At some point in the design process you are going to have to simply put your faith and trust in your architect and let go. This is harder for some than others – but it’s part of the process of building a home. Your architect is a professional and it’s vital that you trust them in order to get their best on your behalf. Ultimately, an architect’s job is to interpret your wants with his skill. So not only must you trust your architect, it’s equally important to know that your architect is listening, really listening, to you.
3. Do Contractors & Subs Trust Your Architect?

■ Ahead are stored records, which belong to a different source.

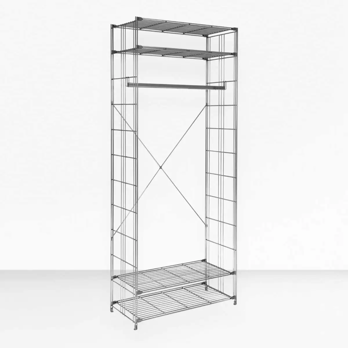 1x Kreuzstrebe Metall, verchromt mit Befestigungsmaterial. Mit dem Stützkreuz steht das Regal stabil und gerade im Raum!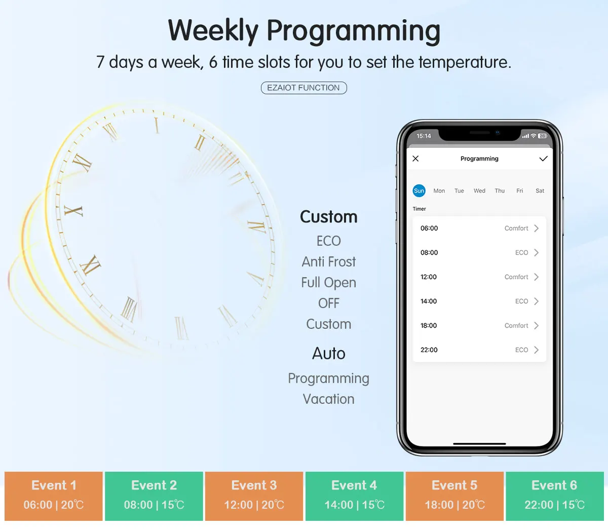 🔥 Programmable Heating: Customize daily and weekly temperature programs to optimize comfort.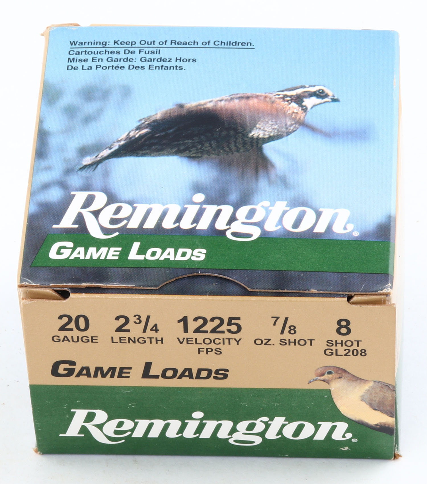 Remington Game Loads, 20ga., 2 3/4'', 1pc., Full, shot size 8, multi-colored box, box is very solid with great colors, plastic shells are excellent. Grade: Excellent ++ - Value: 10 to 30

Long ago, I made sure my sons worked with some of our sub contractors for summer jobs. I wanted them to understand that these folks are good people, highly intelligent, highly skilled and worthy of respect. It’s why, to this day, I make sure to try and learn everyone’s name on a job site. It’s not an exercise in humility for me, it’s because I respect and admire what each of them do – our carpenters, painters and roofers are essential to every job and they are all skilled at their jobs (otherwise our contractors would not use them). In the end, they return that respect and decency and we have a positive and mutually beneficial relationship that ultimately benefits you, the client.
The most valuable referrals you can get are from contractors. They know the real quality and value of architects in the area. Ask around, you’ll get some interesting information that nobody else could ever give you.

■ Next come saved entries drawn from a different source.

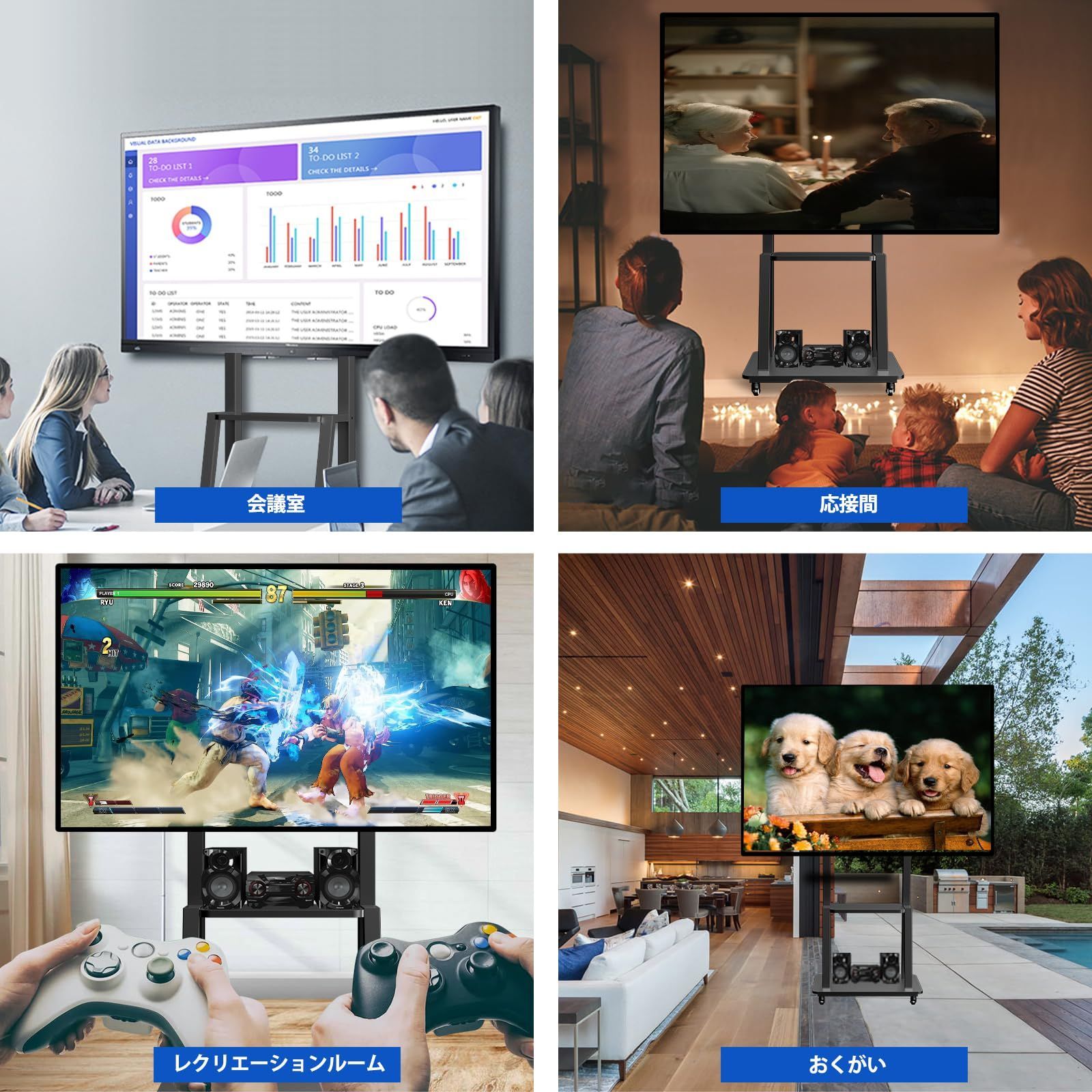 TETVIK テレビスタンド 32~100インチ 液晶テレビに対応 壁寄せ テレビ台 VESA規格900x600mmまで 大型 移動式 ハイタイプ tvスタンド 耐荷重80kg 棚板付き ブラック 高さ調節可能 家用 会社 ビジネス展示用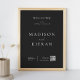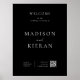 Este elegante cartel de poster de bienvenida para bodas presenta un diseño minimalista con líneas depuradas y una estética moderna. El texto está centrado y enmarcado con un delgado borde negro, proporcionando un aspecto pulido y sofisticado. El poster da la bienvenida a los invitados a la ceremonia de boda y destaca los nombres de la pareja con letras atrevidas y de diseño, creando un punto focal sorprendente. En la parte inferior, el signo incluye la fecha y la ubicación del boda en un tipo de letra pequeño y refinado. En la parte inferior derecha hay un código QR que invita a los clientes a escanear y ver digitalmente el programa de bodas, añadiendo un toque contemporáneo al diseño clásico. La disposición general es elegante, sencilla y eficaz, perfecta para un boda moderno.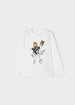 Camiseta de manga larga para niña. Cuello redondo con volante. Pequeña abertura en la espalda con cierre...

4. See The Work First Hand
I can’t stress this enough – a picture may say a thousand words, but a million wouldn’t be enough to accurately portray the true feel of a home. It’s important to review an architect’s portfolio, and photographs can be a great resource for inspiration and ideas. But, there is no replacement for seeing and touching the real thing.

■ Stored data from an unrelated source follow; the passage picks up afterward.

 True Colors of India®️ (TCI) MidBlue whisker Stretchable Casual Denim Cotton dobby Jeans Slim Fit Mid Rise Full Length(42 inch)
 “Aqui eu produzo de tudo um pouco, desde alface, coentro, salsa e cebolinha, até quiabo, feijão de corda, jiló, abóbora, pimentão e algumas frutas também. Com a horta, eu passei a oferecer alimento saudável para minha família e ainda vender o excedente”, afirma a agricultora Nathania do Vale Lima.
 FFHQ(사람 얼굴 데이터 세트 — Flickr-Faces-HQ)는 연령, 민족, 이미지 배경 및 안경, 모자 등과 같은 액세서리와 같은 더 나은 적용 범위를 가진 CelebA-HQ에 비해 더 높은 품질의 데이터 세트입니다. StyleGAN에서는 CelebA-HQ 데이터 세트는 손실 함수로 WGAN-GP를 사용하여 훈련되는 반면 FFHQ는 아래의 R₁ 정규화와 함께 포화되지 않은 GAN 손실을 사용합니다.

A photograph cannot accurately demonstrate scale and proportion. And these are the most important elements of design! The feel of a home is equally important – the warmth of a bedroom, the way light passes through a pane of glass or the feeling you get when you’re walking across centuries old heart pine floors. A photograph won’t give you that insight. So, before you hire, insist on seeing their work in person.
What to Look for on a Site Visit
It’s what separates good design from great. If an architect emphasizes the beauty and functionality of a door’s hinge, you can be sure they take pride in the bigger picture too. If hinges, hardware and finishes are an after-thought, you should take note.
Quality of construction
Even if you’re not familiar with construction techniques, you can feel the quality of a home. Do the doors close firmly, are there small gaps in the molding, does the floor feel steady? These are all things you can feel that are indicators of the quality of construction. Trust your instinct and ask questions (i.e. – Do you use 2x4s or 2x6s in your wall framing?).
A home is never finished until it is, well, finished. Check the stain on the floors – is it consistent and cohesive throughout the home? Are the crown moldings flush top and bottom? Are the paint and stain colors well thought out for the home and the surrounding environment?
Beyond whether or not the design is attractive to you, is the design proportional? For instance, when you walk into a room, do the doors feel too tall or the windows to short? Does the fireplace get lost in the corner, or is it so big that it dominates the room? When you view the home from the outside, does the scale make sense or does one portion of the home seem out of whack with another? These are indicators that the design is out of proportion and the designer’s sense of scale is off.